__Problem to solve__
The reply should hold every entry exactly as written and none of the pictures.

** Excerpted records follows **

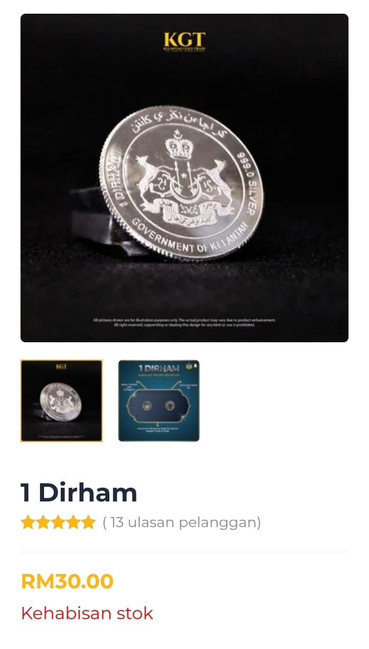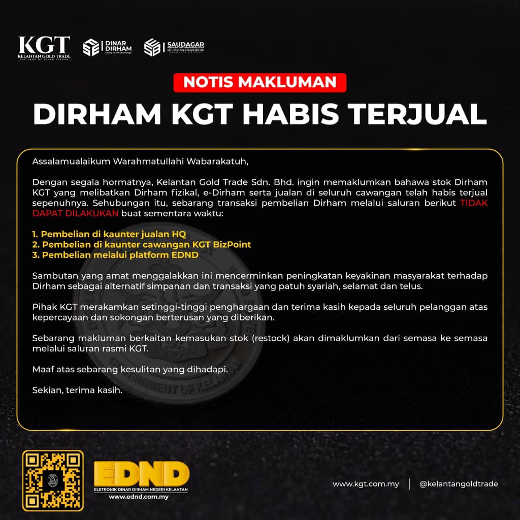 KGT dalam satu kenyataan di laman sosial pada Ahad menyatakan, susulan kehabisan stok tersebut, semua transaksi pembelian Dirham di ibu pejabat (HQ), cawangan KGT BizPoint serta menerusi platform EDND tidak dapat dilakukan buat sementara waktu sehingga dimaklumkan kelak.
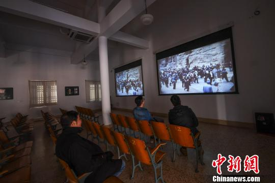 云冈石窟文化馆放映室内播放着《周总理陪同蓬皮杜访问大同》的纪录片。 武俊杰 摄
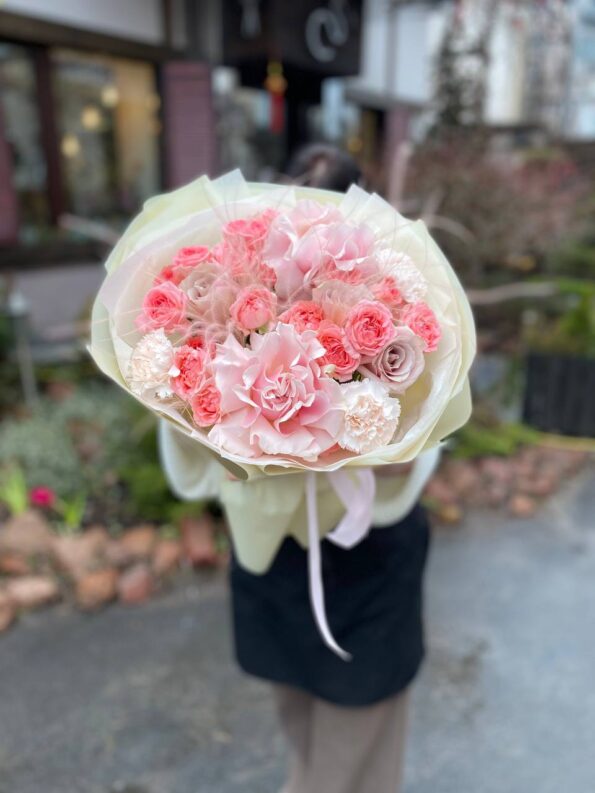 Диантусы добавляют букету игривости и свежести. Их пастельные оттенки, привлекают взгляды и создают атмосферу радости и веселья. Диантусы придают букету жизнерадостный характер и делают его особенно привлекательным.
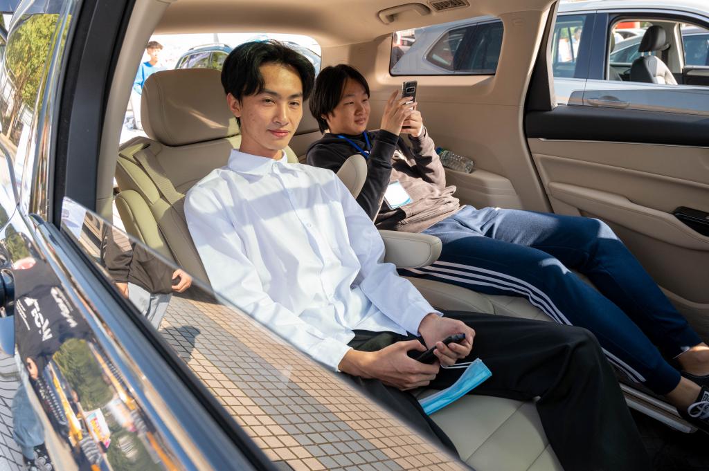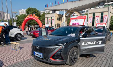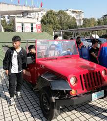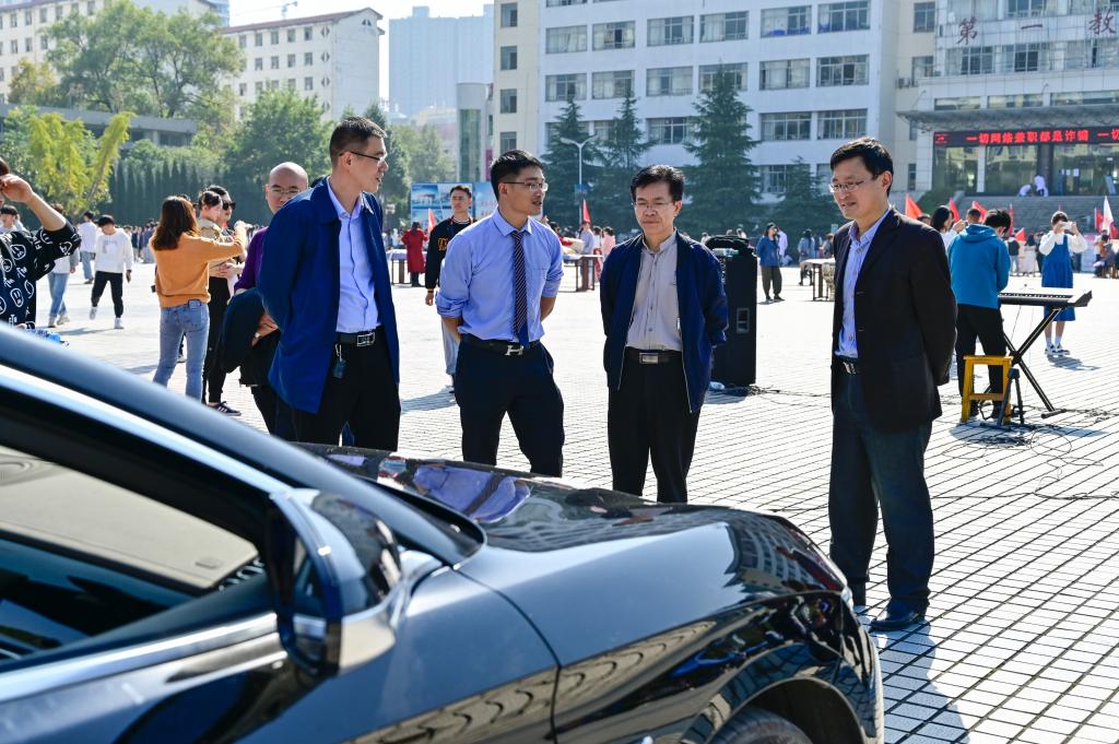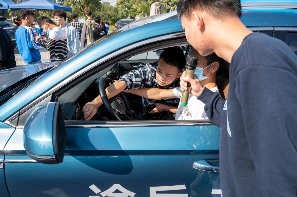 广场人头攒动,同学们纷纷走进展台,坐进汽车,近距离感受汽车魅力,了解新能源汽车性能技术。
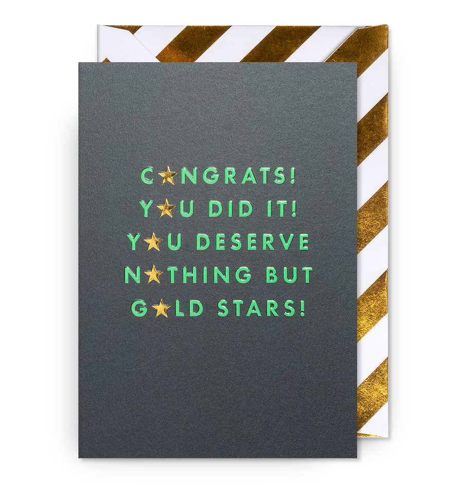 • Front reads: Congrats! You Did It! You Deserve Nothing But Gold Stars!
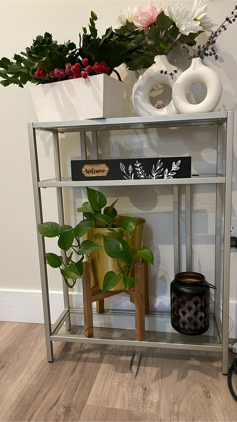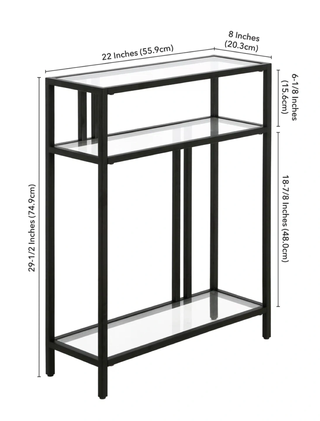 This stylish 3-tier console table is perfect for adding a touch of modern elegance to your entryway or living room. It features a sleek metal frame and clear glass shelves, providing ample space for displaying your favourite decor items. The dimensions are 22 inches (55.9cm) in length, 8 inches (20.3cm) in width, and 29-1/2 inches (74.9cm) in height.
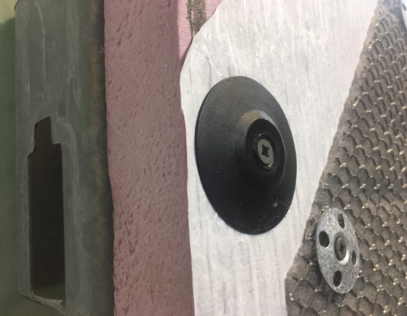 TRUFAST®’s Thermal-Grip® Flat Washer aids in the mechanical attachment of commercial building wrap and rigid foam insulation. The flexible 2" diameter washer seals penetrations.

** End of Excerpted records **

__The answer__
 KGT dalam satu kenyataan di laman sosial pada Ahad menyatakan, susulan kehabisan stok tersebut, semua transaksi pembelian Dirham di ibu pejabat (HQ), cawangan KGT BizPoint serta menerusi platform EDND tidak dapat dilakukan buat sementara waktu sehingga dimaklumkan kelak.
 云冈石窟文化馆放映室内播放着《周总理陪同蓬皮杜访问大同》的纪录片。 武俊杰 摄
 Диантусы добавляют букету игривости и свежести. Их пастельные оттенки, привлекают взгляды и создают атмосферу радости и веселья. Диантусы придают букету жизнерадостный характер и делают его особенно привлекательным.
 广场人头攒动,同学们纷纷走进展台,坐进汽车,近距离感受汽车魅力,了解新能源汽车性能技术。
 • Front reads: Congrats! You Did It! You Deserve Nothing But Gold Stars!
 This stylish 3-tier console table is perfect for adding a touch of modern elegance to your entryway or living room. It features a sleek metal frame and clear glass shelves, providing ample space for displaying your favourite decor items. The dimensions are 22 inches (55.9cm) in length, 8 inches (20.3cm) in width, and 29-1/2 inches (74.9cm) in height.
 TRUFAST®’s Thermal-Grip® Flat Washer aids in the mechanical attachment of commercial building wrap and rigid foam insulation. The flexible 2" diameter washer seals penetrations.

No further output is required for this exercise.